Let me give you an example of the changing nature of crises and therefore crisis response. About 2-3 years ago, Dominos Pizza was in major crisis mode after a foolish employee did disgusting things to pizza and posted the video of it on YouTube. Now, it seems there is a video of the young and stupid fast food employees doing something disgusting on YouTube almost every day. When crises become every day occurrences they no longer count as crises. While companies still need to respond to such activity, the response needs to be measured, and measured by the degree of virality and public reaction.

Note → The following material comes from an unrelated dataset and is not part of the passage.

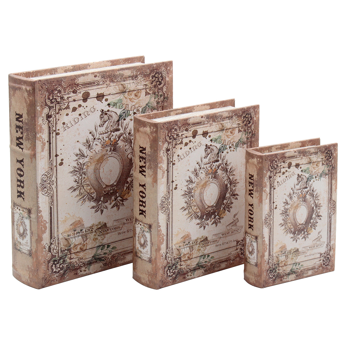 Βιβλία - κουτιά αποθήκευσης διακοσμητικά τεμ. 3 24Χ30Χ7 - 19Χ24Χ5,5 - 13,5Χ19Χ4 εκ. Αυτά τα διακοσμητικά κουτιά αποθήκευσης σε σχήμα βιβλίου (3 τεμάχια: 24Χ30Χ7, 19Χ24Χ5,5 και 13,5Χ19Χ4 εκ.) προσφέρουν πρωτότυπο και κομψό τρόπο οργάνωσης μικροαντικειμένων, προσθέτοντας διακοσμητική πινελιά στον χώρο.

There were a number of people on social media following the accident who said they’d never fly again. Understandable reaction, to some degree, particularly when the horrible image of the plane’s tail hitting the seawall was captured on video and played ten thousand times on cable. But, does this mean it is a crisis for the airline industry? And what about Asiana? Will their business decline significantly as a result of this crash? Even more to the point, will it decline because their PR isn’t meeting our high standards of sympathetic crisis response?

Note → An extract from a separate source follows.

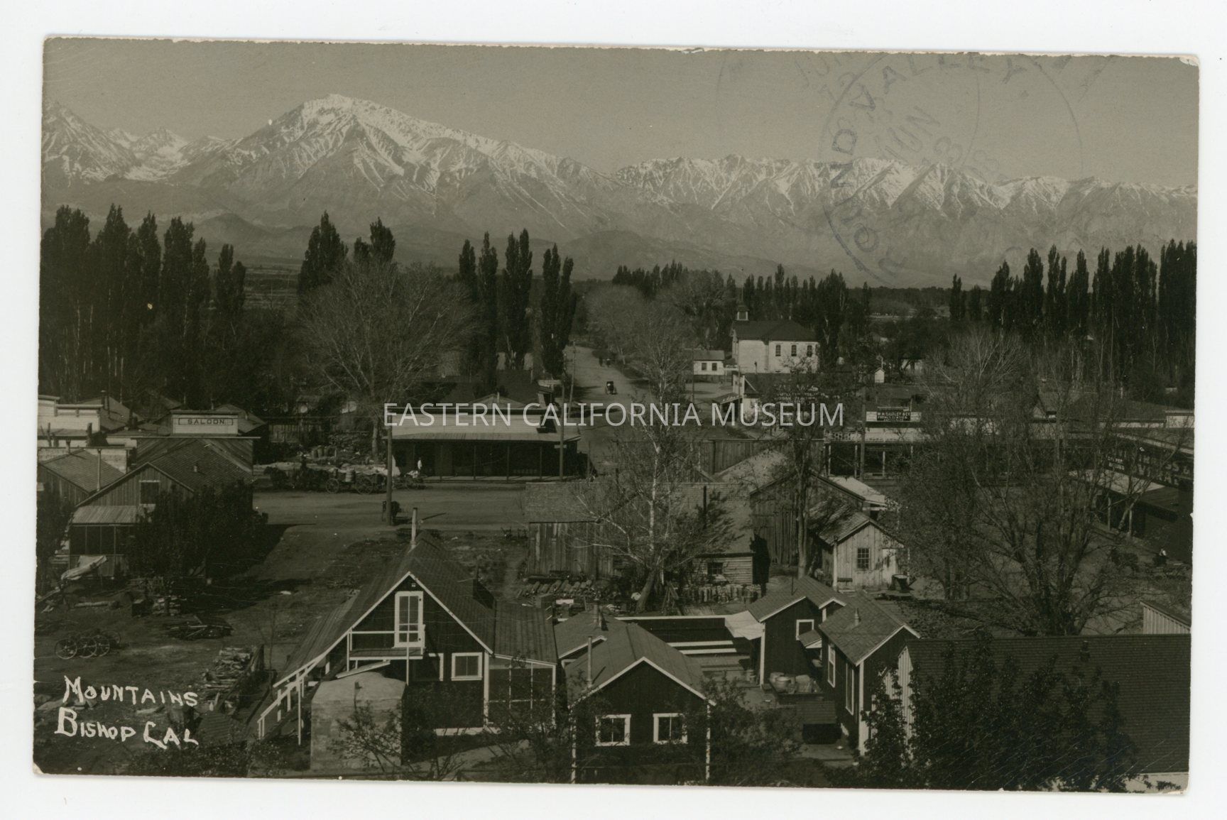 Photo postcard titled, "Mountains, Bishop, Cal." It is taken from a high vantage point (top of the Opera House?) looking west towards the Sierra Nevada mountain range. A saloon is visible to the left, and possibly A. A. Forbes' photo studio is visible near the center. There are two more signs, one of which might be a Levi Strauss advertisement, but they are mostly illegible.

I doubt it. People know in their brains, if not their guts, that flying is safe, in fact the safest mode of transport there is. If they want or need to fly, they will. Whether they choose Asiana or United depends mostly on the route, timing and price. True enough, I will avoid Allegiant Airlines at practically all costs because of my very negative experience with them.  But, except for those 300 or so people on board, most have not had a negative experience with Asiana, nor are they hearing a ton of stories about what a horrible, unsafe airline it is.

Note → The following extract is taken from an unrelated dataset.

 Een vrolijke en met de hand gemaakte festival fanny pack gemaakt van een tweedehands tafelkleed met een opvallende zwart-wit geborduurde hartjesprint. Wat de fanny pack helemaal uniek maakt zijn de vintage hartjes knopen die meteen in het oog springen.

So, was the Asiana executive right in saying now is not the proper time to manage a company’s image? No, but the fault is in their faulty understanding of how a reporter and us PR types would react to that statement. If they mean, as I suspect they do, now is the time to focus on the passengers and families of those who survived the crash and those who did not, get about the business of understanding what happened, do what is necessary and prudent to make sure it doesn’t happen again, and communicate openly about all of this, they are not wrong at all.